Jeanne Bond was born in Baltimore into a musical family. Her father, mother and grandfather had studied voice at the Peabody Conservatory of Music.

Mrs. Volk, who held the Tiffany Voice Scholarship at the Peabody, was a 1946 graduate of Eastern High School.

After graduating from Eastern, she was hired as a soprano soloist at Christ Lutheran Church in South Baltimore, where she met and fell in love with her future husband, Philip Volk, who was tenor soloist in the church choir.

"For the next 40 years, they sang together in church choirs and concerts, spending the last 20 of those years at Immanuel Lutheran Church on Loch Raven Boulevard," said her daughter, Susan Volk Stanley of Scottsdale, Ariz.

In her early years, she also sang with the Baltimore Symphony Orchestra and Baltimore Concert Band at the old Memorial Stadium.

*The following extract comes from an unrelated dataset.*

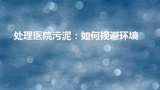 摘要:医院污泥处理对环境有很大的风险,本文将从多个方面对处理医院污泥:如何规避环境风险?进行详细的专业阐述,涉及垃圾分类、治理技术、资源利用等多个方面,帮助读者更好的了解医院污泥的处理和规避环境风险。...
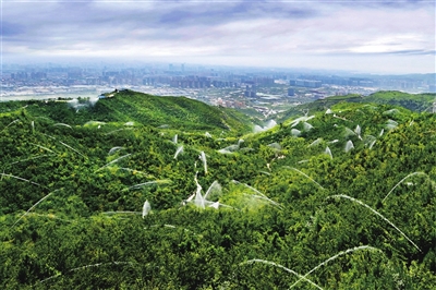 凿壁开路、挖坑换土,手提肩扛树苗、铺设滴灌管道,在外国专家直呼“不可能”的悬崖峭壁上,钻出了一棵棵茁壮的枝干,建起了纵横交错的防护林带。这是玉泉山,昔日开山取石、千疮百孔,经过奋斗者的拼搏,矿坑废墟变成了绿水青山。

"After winning a statewide voice competition to find the 'Best of the Best in Baltimore,' she was awarded an appearance on Ed Sullivan's 'Toast of the Town,' a CBS TV show in 1954, with Victor Borge accompanying her," her daughter said.

"In spite of her early enormous success, she was a modest, unpretentious person who was content to be a devoted mother and homemaker and sharing her gift and love of traditional church music with congregations large and small," Mrs. Stanley said.

The former resident of the Hampton neighborhood of Baltimore County moved to Phoenix, Ariz., in 1994.

Services in Phoenix are private.

In addition to her husband and daughter, survivors include a son, Robert P. Volk of Phoenix, Ariz.; and two grandchildren.